EBookObsessed
Written on Jan 1, 2017
Jeff and his task force are back with another gruesome set of murders. I always enjoy a good crime drama with an ensemble cast. Marc Rainer is the pen name for former United States prosecutor, Chuck Ambrose, and his stories always disturb me a bit since I don't know the exact line between a writer's imagination and actual facts from his time as a prosecutor. His stories have a little more than the standard drawn from real life feel to them which disturb me deep down.
In this latest drama, someone is using the current unrest between the black community and the police for their own nefarious purposes. They are stirring up the hatred and recruiting the new extremists from the prison population and as those individuals are being released (sometimes early due to stupid political decisions), they are being used in deadly attacks against the police.
While the attackers hate the police, the men behind this are on a holy war against the United States as a whole and they want the police focusing on finding cop killers so they are free to wage a bigger war against us all.
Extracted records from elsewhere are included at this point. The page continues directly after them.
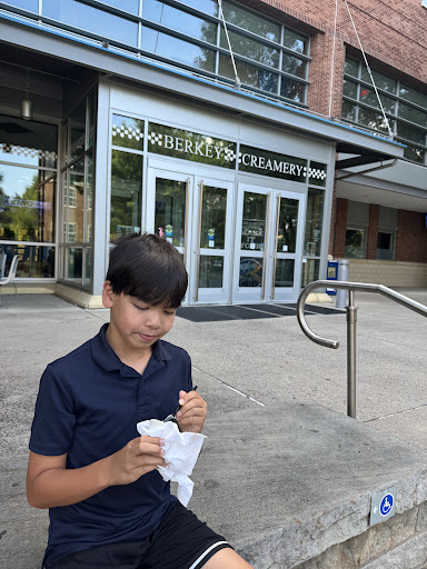 Second, all I wanted was one scoop and I thought this would be the default. I bad for making assumption I suppose. However, the student working the cashier did not confirm one way or another just rang me up on a price of $5. I thought that was rather expensive for a single scoop, I shocked it up to being at a learning center test kitchen so being a little bit more price paying toward the experience. When I ended up getting the ice cream it was a massive massive stack of multiple scoops. For more than intended definitely throwing off any meal planning that I'd had for that day. And again in short not at all whether they gone in with no one confirming with me what I was looking for.
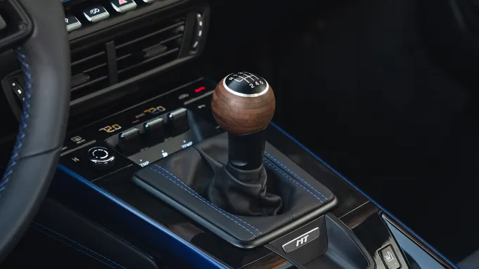 One of two living rooms is warmed by a floor-to-ceiling fireplace.
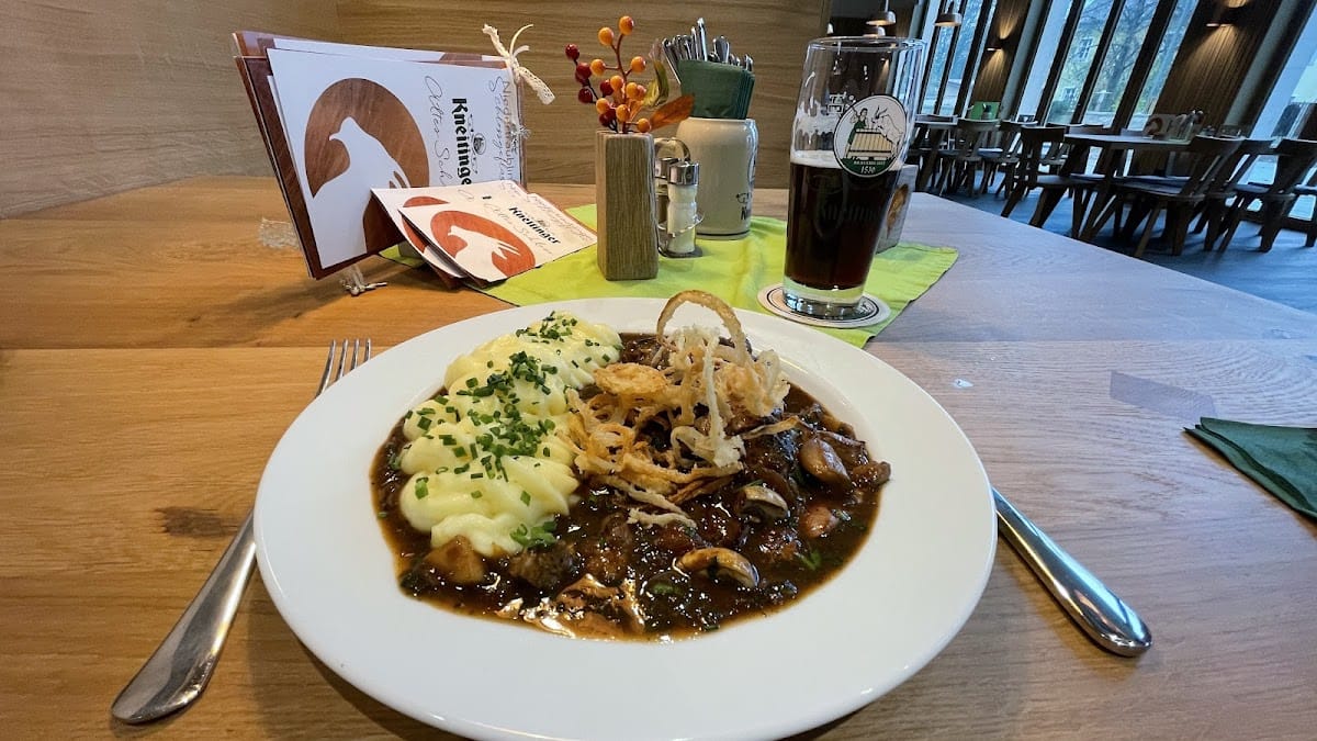 One surviving building is a two-story administrative house with a hipped roof, dating to the late medieval period. This structure would have been central to managing the estate’s affairs. Nearby stands the former brewhouse, identifiable by its three stories, gabled roof, and distinctive architectural details such as vaulted entrances and segmental arched windows. Above its entrance, an inscription marks the year 1595, preserving a precise date for its construction or renovation.
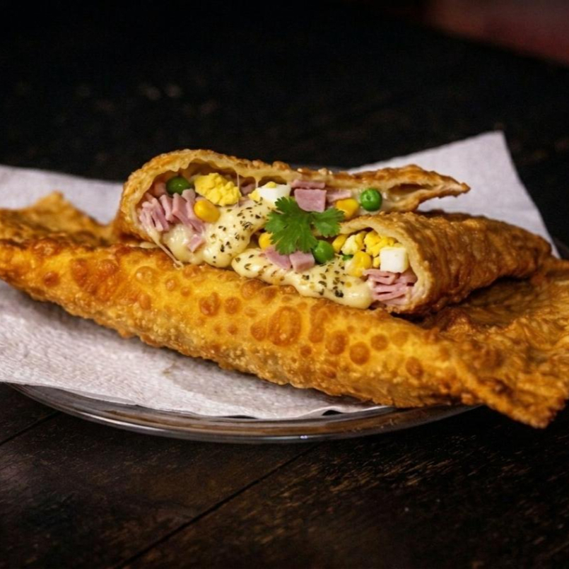 Massa crocante e dourada, recheada com uma combinação irresistível de presunto, queijo, ovos, cebola, tomate e azeitonas, tudo bem temperado para trazer o verdadeiro sabor da tradicional portuguesa. Feito na hora, quentinho e bem recheado, perfeito para quem busca um pastel completo e cheio de sabor.
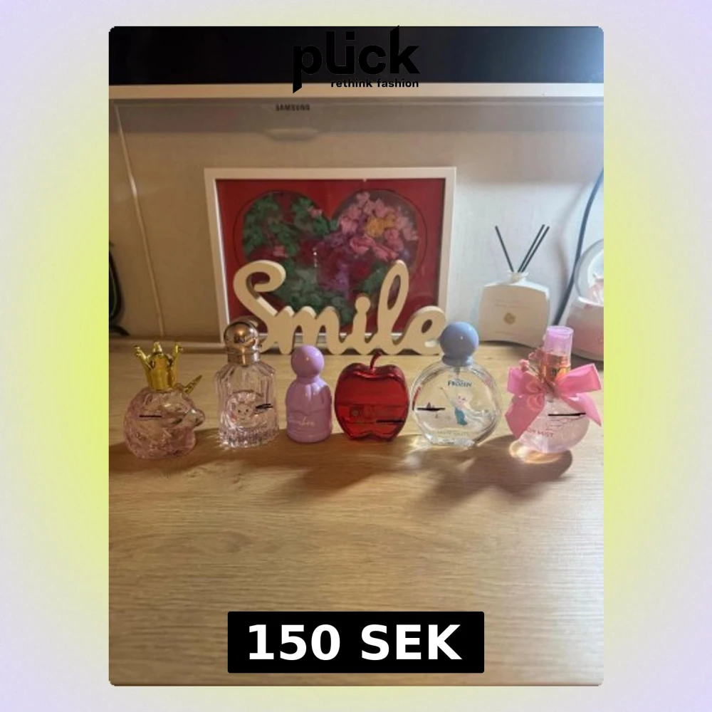 Säljer ett parfymset med sex olika flaskor i unika former och färger. Bland annat finns en Unicorn parfym , en röd äppelformad flaska och en Frozen-parfym, och hello Kitty parfym och rosa body och hair mist .Perfekt för dig som gillar gulliga och färgglada parfymer.
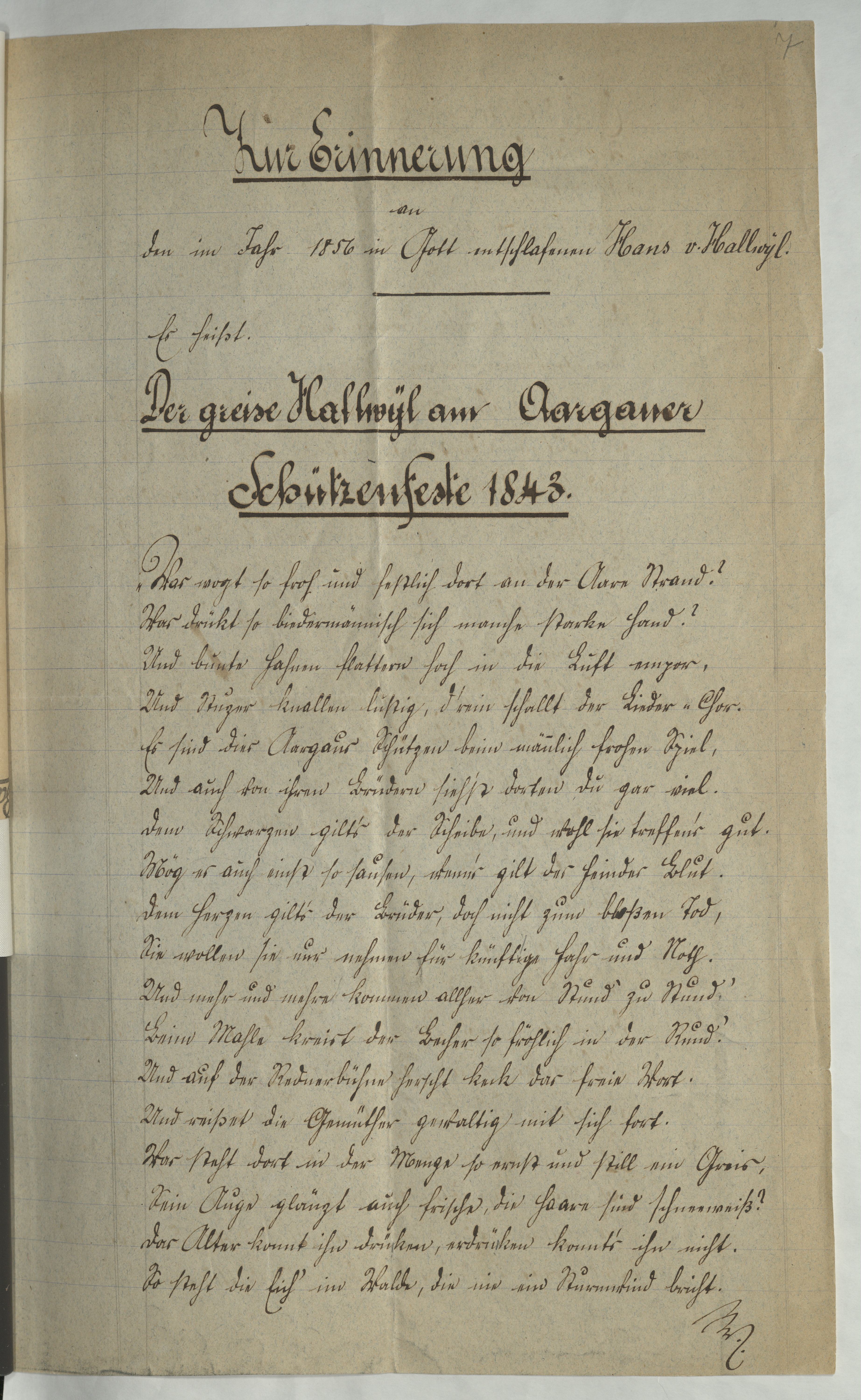Från katalogverket: BIOGRAFI OCH GENEALOGI. Genealogi och personalia. Dödsfall. Hallwyl, Hans v. Verser »Zur Erinnerung an den im Jahr 1856 in Gott entschlafenen Hans v. Hallwyl». 4 s. Fol.
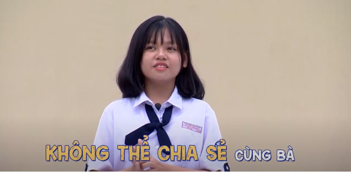 “Thông qua chương trình, mình muốn gửi lời cảm ơn đến ngoại. Cảm ơn ngoại đã nuôi nấng con trong suốt 18 năm, từ nhỏ đến lớn. Con cũng muốn gửi lời xin lỗi tới ngoại, vì từ trước đến giờ con rất ngại nói những điều thế này. Hôm nay, thông qua chương trình con muốn gửi lời xin lỗi đến ngoại vì những lần con làm sai, những lần con không kiềm chế được cảm xúc đã tạo ra khoảng cách giữa con và ngoại. Con cũng hy vọng, sau hôm nay ngoại sẽ hiểu và lắng nghe con nhiều hơn”.
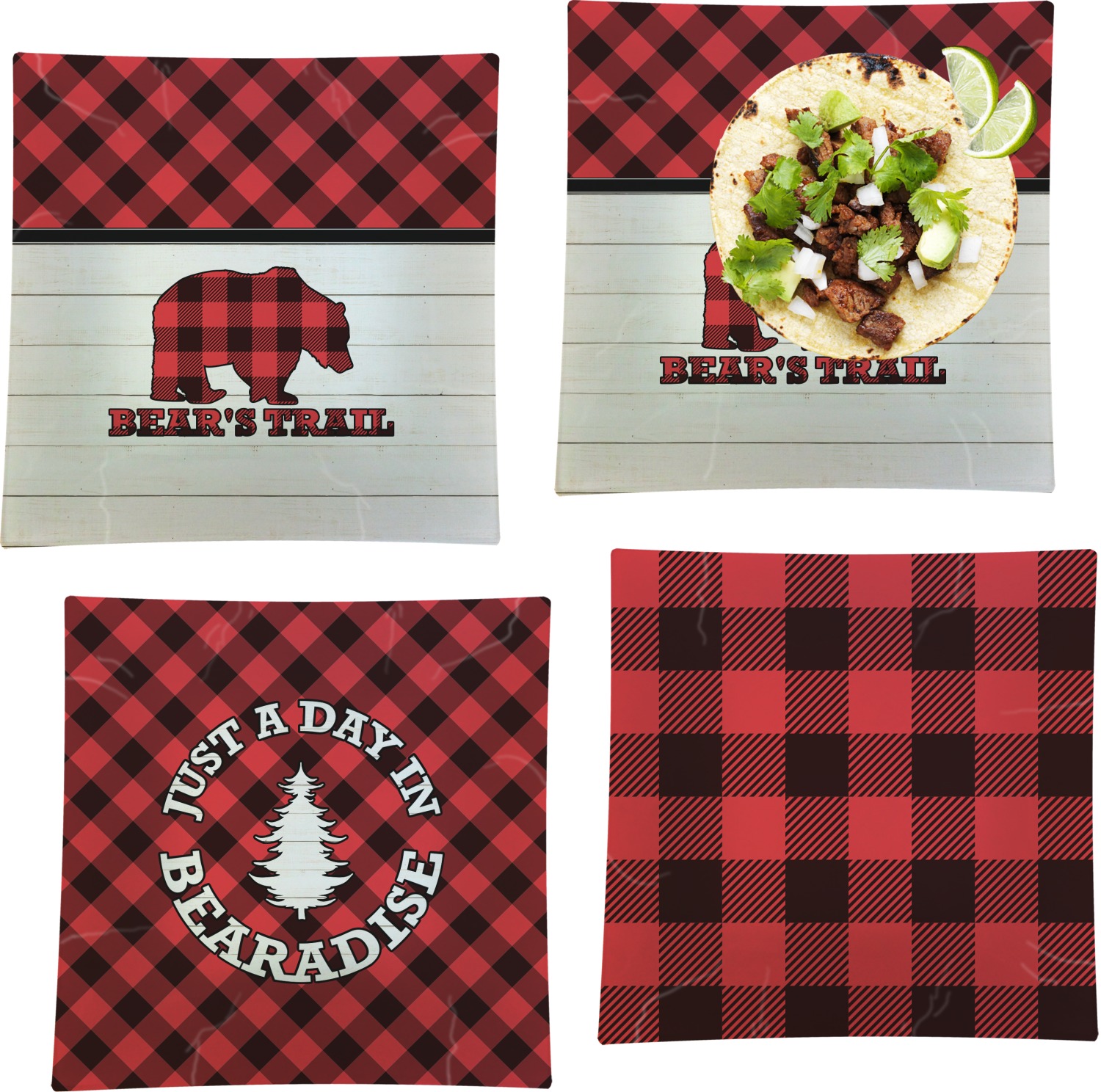 The main design is split into two asymmetrical sections. The top section is a diagonal red and black plaid, while the bottom is a light wood texture. On top of the wood texture is where your graphic and personalization go! The bear graphic and text below are filled with another black and red plaid.
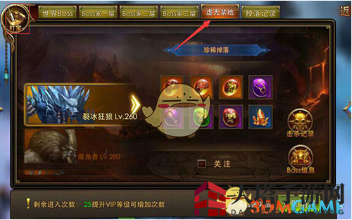 只需轻点屏幕上方功能栏的“打宝”选项,选择“虚无禁地”,即可开启你的探险之旅。

Like all good thrillers, this story has a definite focus on real dangers inside our own borders which can be used against us and just that realization could cause a few sleepless nights.
The author did warn me that this story was more "political" than prior stories and there were moments that I felt were simply scenes set up so that the author could set up his soap box and give his own political dissertation, such as when Jeff Trask suddenly has to go before a Senate Committee and has to defend himself but this gives him a perfect opportunity to point out flaws in the current administration and how he thinks it could be done better. There are also mentions of the Hillary Clinton e-mail scandal as well as pointing out the disastrous decision to release "non-violent" criminals who are in for drug possession out early and how the bureaucrats force the information to be input into the computer system which now mistakenly releases more dangerous criminals back into the population. But if you have something to say, what better way to get your point across than to write a books and put it in your story.
While I could have done without the grandstanding, the story itself was gripping, exciting and quite a bit scary that we could be so oblivious to our own destruction and that political agendas and "budget cuts" could leave us so vulnerable.